Why Vinyl? What Is Too Loud? Remasters? Dead Wax?

Why vinyl? Easy, it’s more fun. The art is bigger and somehow, it has personality. I’m far more willing to pay a few bucks for a completely unknown, but enticing looking LP rather than take a chance on a $9 CD.

CDs can be very cool, though, and I believe that the argument about which medium sounds better has more to do with who is doing the mastering (or remastering), rather than oil versus aluminum. There are CDs that blow away vinyl, and visa versa. Sure, I own plenty of CDs. But this site is about vinyl and the love of finding it.

What is too loud?  One thing you rarely have to worry about with vinyl is whether it’s too loud. There’s a growing sentiment that many of the new downloads and/or digital files on CD have been remastered to sound louder. Every instrument, every singer, every note is louder.

This is NOT the same as normalization, which raises the gain level of the entire digital file while maintaining the ratio between loud and soft constant.

compression example-webCompressing peaks and valleys (loud and soft) so that there are no more valleys means all the notes are loud. They’re all peaks.
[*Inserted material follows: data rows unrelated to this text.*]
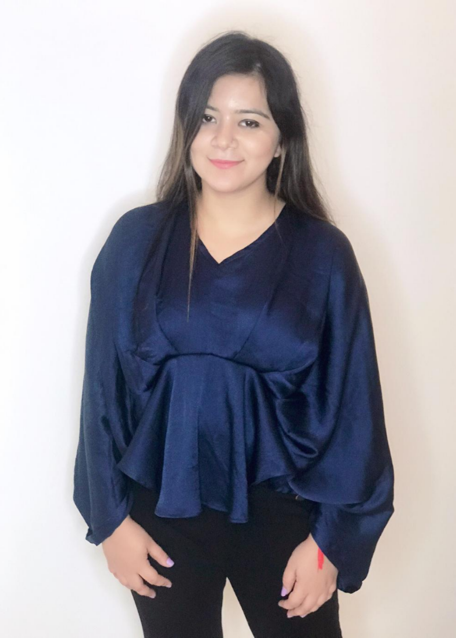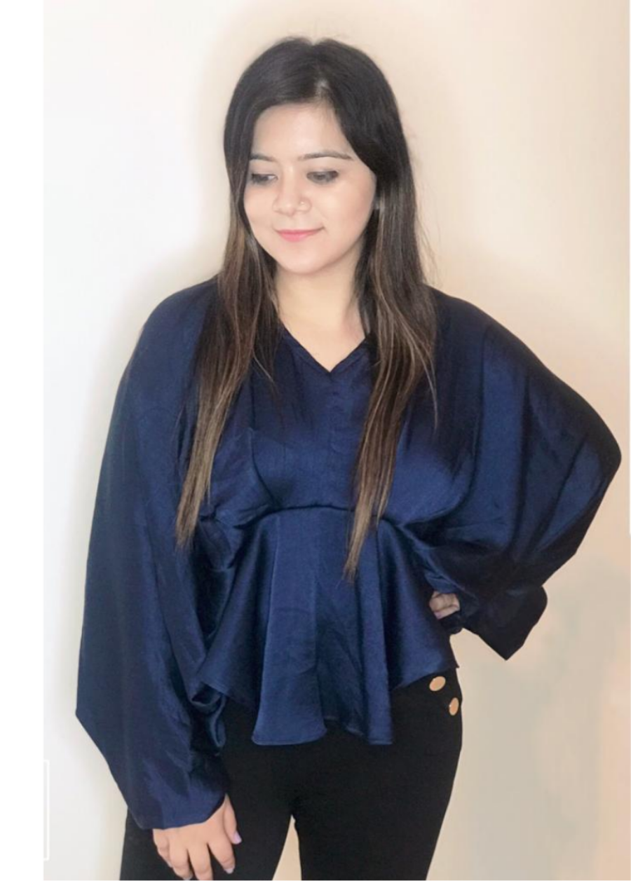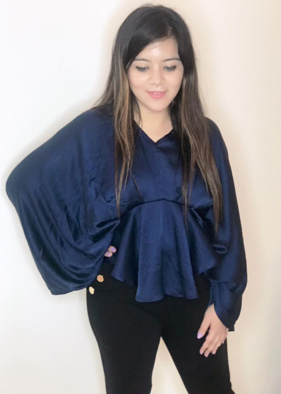 Rich Navy blue draped top with loose draped sleeves.
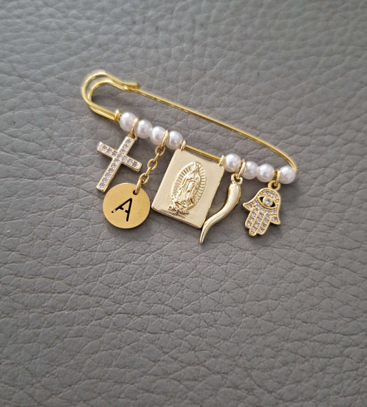 Guadalupe Safety Pin with Italian Horn, Cross, Blessed Mother Charms
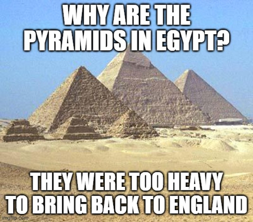 fu@libranet.de to Memes@sopuli.xyz · 13 days agoWhy are there pyramids in Egypt?blossom.primal.netimagemessage-square8fedilinkarrow-up1289arrow-down15file-text
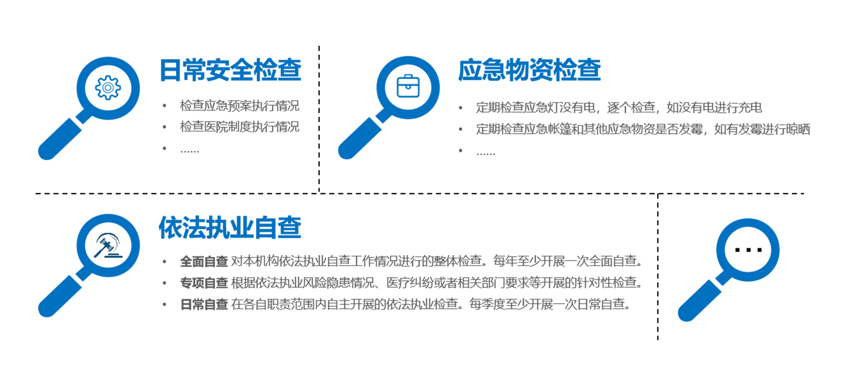 - 通过日常安全检查、应用物资检查、依法执业检查等应用场景来制定督导流程
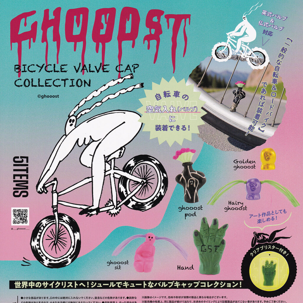 世界中のサイクリストへ!アーティスト「ghooost」によるシュールでキュートなバイシクルバルブキャップが、カプセルトイで新登場です。
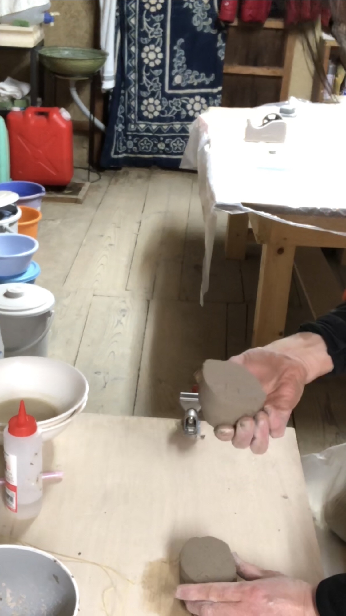 作品 作品作り 陶芸 バブル喰い、、、、 2018年3月18日 2018年3月18日 階元 龍一 FacebookTwitterはてブLINEPocketFeedly 今日は焼締め作品を土から調合しました。 どちらかといえば緋色を狙った調合です。よーく練ります。しっかりと混ざっているか確認します。 ロクロ挽きをします。今回は小皿をロクロ挽きしました。 残った土でぐい飲みサイズを作りました。 帰ってからおやつのポッキーを「バブル喰い」しました。 いつもポッキーはバブル喰いです。この食べ方が食べた感があります。 大阪府堺市 陶芸 階元龍一 FacebookTwitterはてブLINEPocketFeedly
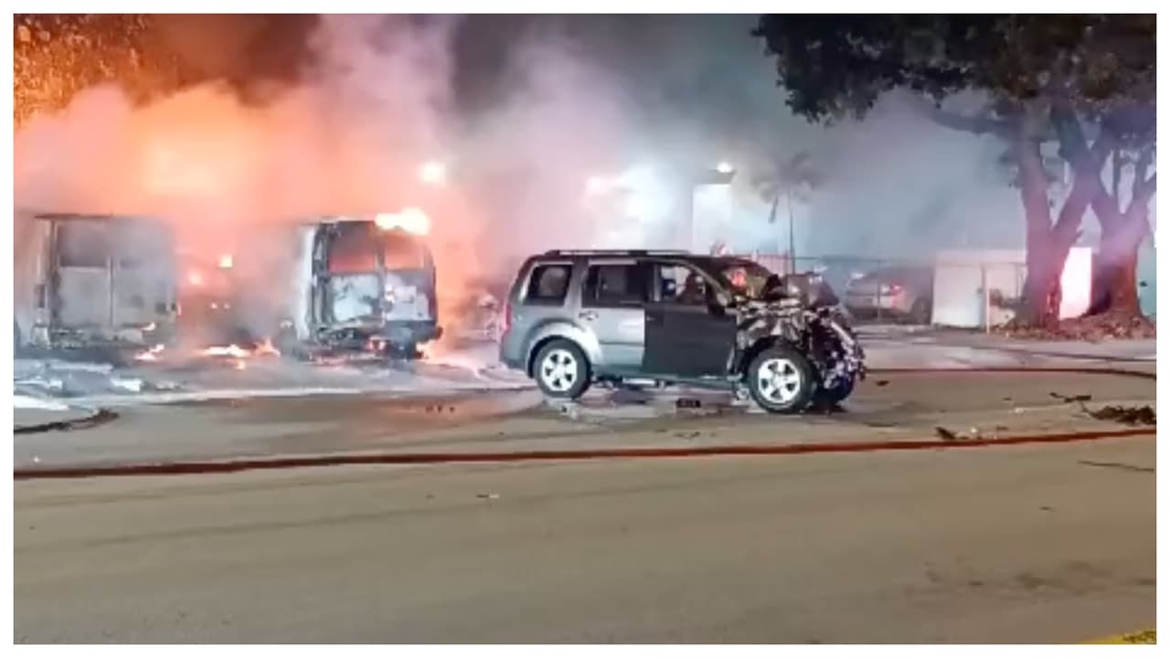 Siete vehículos estacionados estallan en llamas tras aparatoso accidente de tráfico en Hialeah

Initially it’s impressive but you’ll probably find yourself turning the volume down after awhile, and not understand why. Your ears will fatigue quickly when every note is loud. Ever been to a club where the band was louder than hell for two hours? When you walked out, you wanted silence, right? That’s ear fatigue.

Remastered doesn’t mean it’s better, it’s just different. Whether a newly remastered version of your fave recording is actually better than the vinyl or the first mastering of a CD is open to question. I recommend waiting and see what the online community has to say about what a newly mastered something-or-other really sounds like.

You’re almost better off checking who did the remastering than anything else. If Steve Hoffman, Kevin Gray, Barry Diament, Vic Anesini or Bill Inglot’s name is on the label, it’s a pretty sure thing that it was done well.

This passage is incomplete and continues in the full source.